The problem is that you can’t beat something with nothing – and who in Israel’s political and military leadership is not guilty of the same mistakes, the same flawed conceptions? Gantz and Gallant, Eisenkot and Saar (who also unleashed on Israel the legal dictatorship of Gali Baharav-Miara, who should have been dismissed years ago), Lapid and Lieberman – who hasn’t proffered the same policies over the last twenty years? Who hasn’t suggested surrendering more of our land to the enemy or indulged the two-state illusion? Deri and Goldknopf – both of whom aspire only to leadership of their small segment of the population but not the nation as a whole? Who else will lead? That is Netanyahu’s greatest strength, despite his failings, and that has contributed in no small measure to his extraordinary political longevity.

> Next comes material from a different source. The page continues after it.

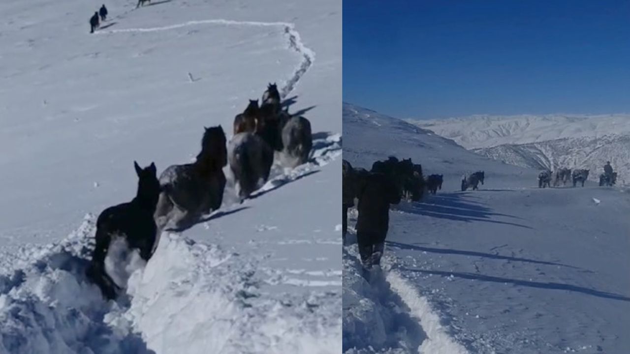 Durumun bildirilmesi üzerine bölgeye intikal eden güvenlik korucuları, zorlu hava ve arazi şartlarına rağmen köylülere yardım ederek karda mahsur kalan at ve katırları güvenli bir şekilde köye ulaştırdı.

Indeed, the two politicians who have been consistently correct in their statecraft have been Smotrich and Ben Gvir, now anathematized to Americans and much of the Israeli public for their resolute commitment to eternal values. They are not always right, but the more right they are, the more their enemies hate them. It was FDR who pleaded: “I ask you to judge me by the enemies I have made.” They, and Netanyahu, could assert the same sentiment.

The great conservative William F. Buckley once declaimed: “I would rather be governed by the first 2,000 people in the telephone directory than by the Harvard University faculty.” On a similar note, there are moments when I think that I would rather be governed by 120 guys chosen randomly from Golani, or Givati, or Maglan, or Egoz, than the current 120 members of the Knesset. They would represent a very fair cross-section of society, hail from diverse backgrounds and profess different world views – and yet have learned to work together, constructively, productively, efficiently, harmoniously, and successfully, achieving the noblest and most meaningful goals amid sundry challenges and obstacles.

The good news is that the leadership crisis – not only in Israel but across the globe – is part of the Torah’s narrative of the end of days, when we realize that we look in vain to human beings whom we elect for our salvation. Rather, we look to Heaven, and pray for the arrival of His chosen one, the Moshiach, who will usher in an era of endless peace, uphold it through righteousness and justice (Yeshayahu 9:6), who will possess the spirit of wisdom and understanding, the spirit of counsel and might, the spirit of knowledge and of the fear of Hashem (ibid 11:2).

Let us be worthy of that day and prepare for that era.